Dois dos principais aliados políticos de João Campos, o ex-governador Paulo Câmara e o ex-prefeito do Recife Geraldo Julio, têm mantido distância dos principais atos da campanha do socialista. O próprio PSB, partido de João, também aparece de forma discreta na comunicação e nas agendas eleitorais.
A movimentação é vista como uma estratégia para evitar associar diretamente a candidatura às antigas gestões do PSB em Pernambuco. O partido comandou o Governo do Estado por 16 anos consecutivos, sendo os últimos oito sob a administração de Paulo Câmara.
A passagem de Paulo Câmara pelo Palácio do Campo das Princesas terminou marcada por fortes críticas em áreas como infraestrutura, saúde e assistência social. Estradas em condições precárias e problemas enfrentados pela população na rede pública de saúde estiveram entre os principais pontos de desgaste de sua gestão.
Mesmo sendo um aliado histórico e nome de confiança do grupo político de João Campos, Paulo Câmara praticamente não aparece ao lado do candidato durante a campanha. Geraldo Julio, que administrou o Recife por oito anos e foi sucedido pelo próprio João, também tem mantido uma participação discreta nos atos eleitorais.

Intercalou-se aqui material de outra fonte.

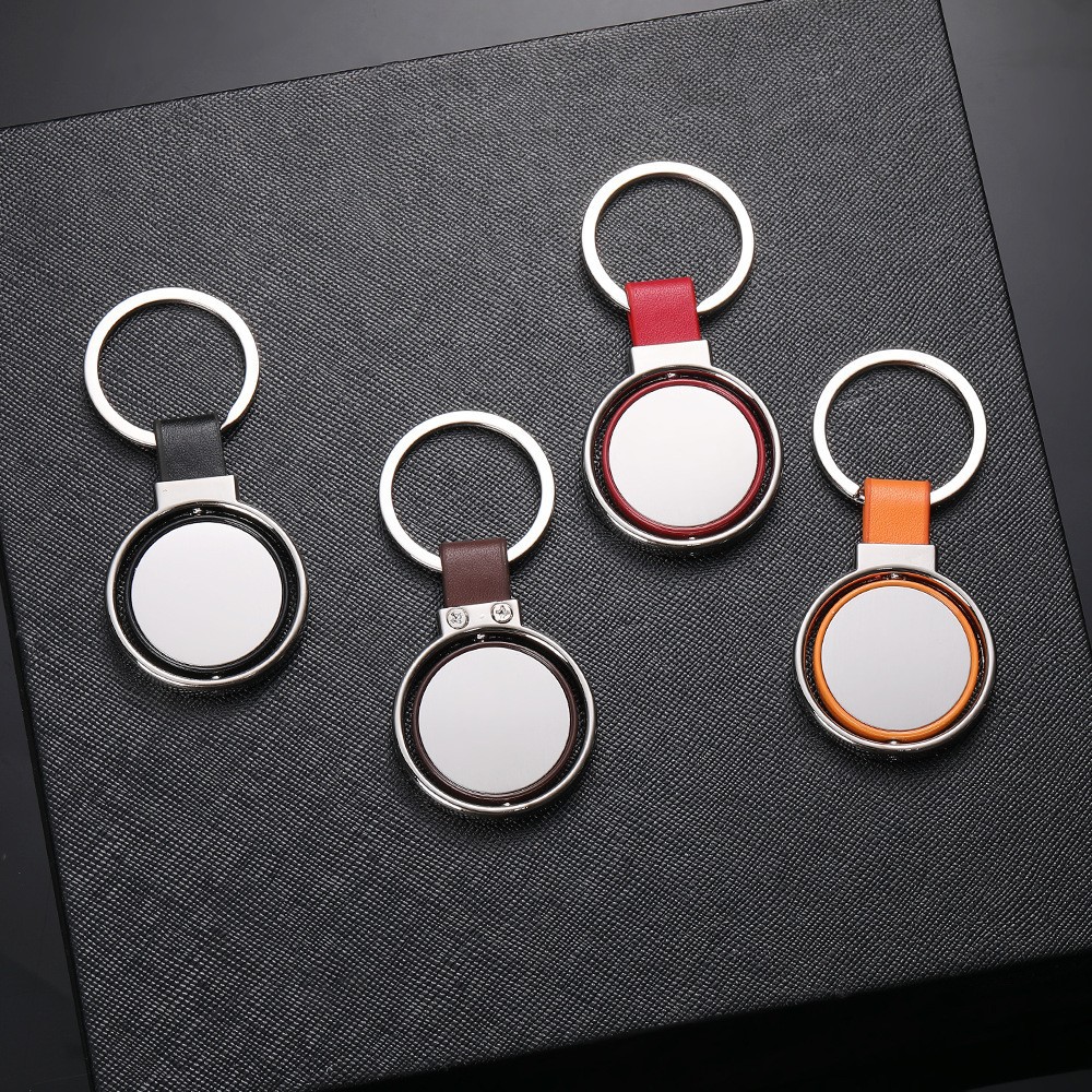 国境を越えて人気の丸型メタル回転キーホルダー、プロモーション用PUレザー回転式、ロゴ入りクリエイティブ

O cenário chama ainda mais atenção diante do momento da disputa pelo Governo de Pernambuco. A campanha de João Campos enfrenta dificuldades para manter o ritmo inicial, enquanto a governadora Raquel Lyra apresenta crescimento nas pesquisas eleitorais e índices elevados de aprovação de sua gestão.
Com a disputa cada vez mais acirrada, a estratégia do PSB parece ser concentrar a campanha na imagem de João Campos, evitando trazer para o centro do debate nomes e gestões do partido que acumularam desgaste ao longo dos anos em Pernambuco.